To measure spindle length, width and interkinetochore distance, the Line tool in Fiji Software (ImageJ)64 was used. Length was measured by drawing a line from pole to pole of the spindle. In C. perkinsii the pole positions were determined visually as the outermost points of the spindle along the central spindle axis. In RPE1 cells expressing CENP-A-GFP and centrin1-GFP, length was measured by using the images from ref. 27 and a line was drawn from one centrosome to the other. Width in C. perkinsii was measured by drawing a line across the equatorial plane of the spindle, with the line ending at the outer edges of the spindle. Width in RPE1 cells expressing CENP-A-GFP and centrin1-GFP was measured by drawing a line across the equatorial plane of the spindle, with the line ending at the outer kinetochore pairs. Interkinetochore distance in C. perkinsii was measured by using the Rectangle tool in Fiji Software which was drawn between endings of k-fibres at the spindle midzone. Interkinetochore distance in RPE1 cells expressing CENP-A-GFP and centrin1-GFP was taken from ref. 27. It was not possible to measure the interkinetochore distance in S. arctica because of the tight microtubule bundles of the spindles and it was not possible to distinguish kinetochore microtubules.

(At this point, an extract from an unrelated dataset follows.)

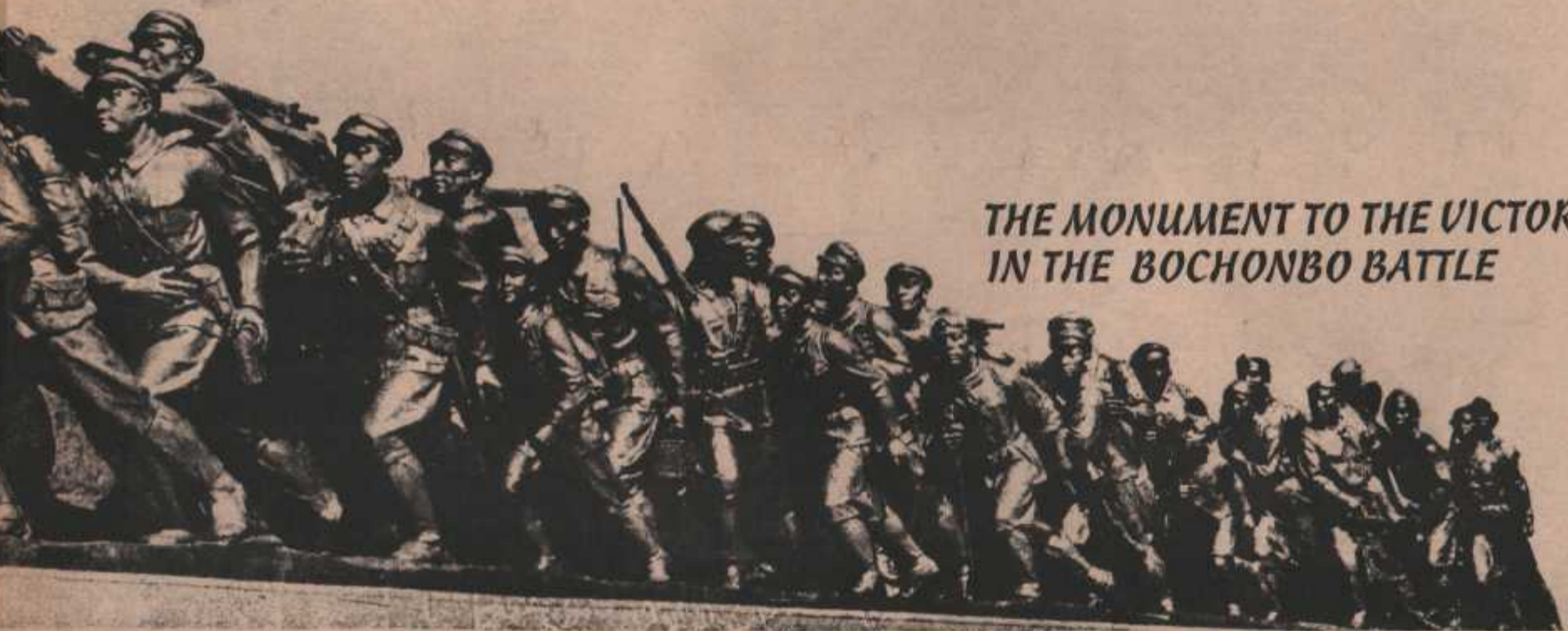
THE MONUMENT TO THE VICTORY IN THE BOCHONBO BATTLE

from generation to generation the great revolutionary ideas and and beloved leader Comrade Kim Il Sung

Analysis of the bridging fibre intensity

To measure the intensity of bridging fibres69 we used the Square tool (ImageJ)64. In C. perkinsii, the position of the square when measuring bridging fibre intensity was on the fibre located between the endings of kinetochore fibres. As we did not have labelled kinetochores and could not determine where a single kinetochore fibre is, we put squares close to the end of kinetochore fibres to obtain values of kinetochore fibres together with bridging fibres (Ibk) (Extended Data Fig. 7a). Background was measured and subtracted as follows: Ib = Ib+bcg − Ibcg for bridging fibres and Ibk = Ibk+bcg − Ibcg for bridging fibres together with kinetochore fibres. The values for RPE1 cells expressing CENP-A-GFP and centrin1-GFP were taken from ref. 27.

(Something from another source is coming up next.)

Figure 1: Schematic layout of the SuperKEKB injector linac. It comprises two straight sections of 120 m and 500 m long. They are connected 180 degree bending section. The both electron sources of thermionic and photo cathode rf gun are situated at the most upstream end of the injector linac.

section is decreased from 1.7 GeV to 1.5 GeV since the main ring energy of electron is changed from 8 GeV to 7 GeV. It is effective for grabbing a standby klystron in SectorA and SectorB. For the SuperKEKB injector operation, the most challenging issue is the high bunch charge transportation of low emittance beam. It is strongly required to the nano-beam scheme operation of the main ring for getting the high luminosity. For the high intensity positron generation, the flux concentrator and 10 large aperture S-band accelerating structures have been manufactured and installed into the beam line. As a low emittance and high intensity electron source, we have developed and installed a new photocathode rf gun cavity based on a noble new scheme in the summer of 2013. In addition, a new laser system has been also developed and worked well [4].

Statistics and reproducibility

Results are reported as mean ± s.d. Statistical parameters including the numbers of cells, nuclei or MTOCs analysed, n and statistical significance are reported in the figure legends. Statistical significance was calculated by Mann–Whitney U-test, Kruskal–Wallis or Student’s t-tests. Asterisks in graphs indicate the statistical significance (*P < 0.05; **P < 0.01; ***P < 0.001; ****P < 0.0001). We performed statistical analysis in GraphPad Prism 9. All light microscopy and electron microscopy images are representative images obtained from three and two independent experiments, respectively.

Reporting summary

Further information on research design is available in the Nature Portfolio Reporting Summary linked to this article.